Can a Call Center Be a Showcase for Enlightened Design?

Image: Courtesy Jeremy Bittermann
In 2014, when San Francisco–based Airbnb decided to set up a new customer service center in Portland, the company hired Bora Architects (formerly Boora) to design a space in Old Town. The “CX Hub” became one of the first of a wave of enviable tech offices in town. Bora’s Michael Tingley tells us how his firm reinvented the call center.
What’s different about this office from other projects you’ve worked on?
Airbnb was really intentional about creating an environment to not feel like a call center. So one of the first things was to not consider it a place where you sat at a desk and put partitions around you, creating the awful environment from the Dilbert cartoons.
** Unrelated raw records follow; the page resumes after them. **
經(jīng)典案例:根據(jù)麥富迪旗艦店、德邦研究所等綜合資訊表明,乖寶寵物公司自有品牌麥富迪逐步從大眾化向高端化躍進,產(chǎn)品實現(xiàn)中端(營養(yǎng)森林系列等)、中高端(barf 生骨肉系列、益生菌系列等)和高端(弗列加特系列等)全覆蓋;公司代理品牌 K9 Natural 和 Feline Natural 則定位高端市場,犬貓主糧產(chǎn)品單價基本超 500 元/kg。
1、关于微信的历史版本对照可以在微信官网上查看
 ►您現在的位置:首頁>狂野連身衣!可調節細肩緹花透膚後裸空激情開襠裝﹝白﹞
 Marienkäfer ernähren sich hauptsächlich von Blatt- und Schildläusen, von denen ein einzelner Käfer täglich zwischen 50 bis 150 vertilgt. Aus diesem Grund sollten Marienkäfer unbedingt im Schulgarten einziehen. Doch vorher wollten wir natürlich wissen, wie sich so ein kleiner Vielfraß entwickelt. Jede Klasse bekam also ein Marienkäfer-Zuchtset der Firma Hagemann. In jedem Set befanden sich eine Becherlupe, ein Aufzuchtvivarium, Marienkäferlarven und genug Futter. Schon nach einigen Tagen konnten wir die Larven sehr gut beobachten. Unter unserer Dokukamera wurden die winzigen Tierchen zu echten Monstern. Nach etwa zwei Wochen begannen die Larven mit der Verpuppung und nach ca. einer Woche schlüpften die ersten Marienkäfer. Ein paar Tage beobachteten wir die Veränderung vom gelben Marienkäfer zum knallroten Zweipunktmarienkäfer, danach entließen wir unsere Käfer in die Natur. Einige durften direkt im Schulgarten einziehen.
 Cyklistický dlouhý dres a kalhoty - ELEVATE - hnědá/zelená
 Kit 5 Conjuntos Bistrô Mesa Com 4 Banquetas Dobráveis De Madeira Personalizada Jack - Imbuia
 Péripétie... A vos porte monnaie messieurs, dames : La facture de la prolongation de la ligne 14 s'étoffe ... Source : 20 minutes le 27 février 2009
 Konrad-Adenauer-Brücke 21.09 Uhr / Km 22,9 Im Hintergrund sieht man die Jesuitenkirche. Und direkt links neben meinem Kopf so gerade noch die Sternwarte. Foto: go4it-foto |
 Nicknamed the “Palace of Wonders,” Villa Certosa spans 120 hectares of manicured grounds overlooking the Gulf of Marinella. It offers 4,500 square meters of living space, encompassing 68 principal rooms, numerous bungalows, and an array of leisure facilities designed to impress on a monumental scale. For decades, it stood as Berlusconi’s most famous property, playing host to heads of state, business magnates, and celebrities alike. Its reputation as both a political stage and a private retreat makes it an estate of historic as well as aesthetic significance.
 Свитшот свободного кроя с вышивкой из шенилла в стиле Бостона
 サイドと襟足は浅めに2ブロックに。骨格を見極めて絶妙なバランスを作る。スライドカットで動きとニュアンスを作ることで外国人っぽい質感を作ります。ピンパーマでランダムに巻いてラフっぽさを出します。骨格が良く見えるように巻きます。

In some respects, this environment feels like the antithesis of an office.
How did you cut down on ambient noise?
It’s a challenge with phone calls because people don’t hear their own voices, so they tend to speak louder. And then everybody in the environment is speaking loud to make sure they’re heard. Airbnb has advanced headset technology with a masking system in the microphone that helps cut out noise coming in from the periphery. And it also projects your own voice through your headphones, so you’re less likely to raise your voice.
Did the space itself help with that, too?
We were basically looking for materials that will absorb sound. In an office environment, the two best surfaces to do that are the ceiling and the floor. In big, open environments, the walls are not very effective. So we installed cotton padding in the ceiling and walls. The floor was all hardwood, and Airbnb wanted to keep that, so we put in area rugs, and also a whole series of nooks that are felt lined.
This space uses an open floor plan sprinkled with different nooks and crannies modeled after actual Airbnb properties. How does that help?
Creating a variety of settings and giving people choice is becoming a pretty consistent thing in office environments. The fact that so many people work on laptops, it gives people the flexibility to find a space to suit their mood or where they can interact with other people spontaneously. I would characterize it as part of the “Starbucks phenomenon.” You see people at coffee shops all the time, working away at something alone, but they want an environment where they’ve got other people around them and it feels relaxed.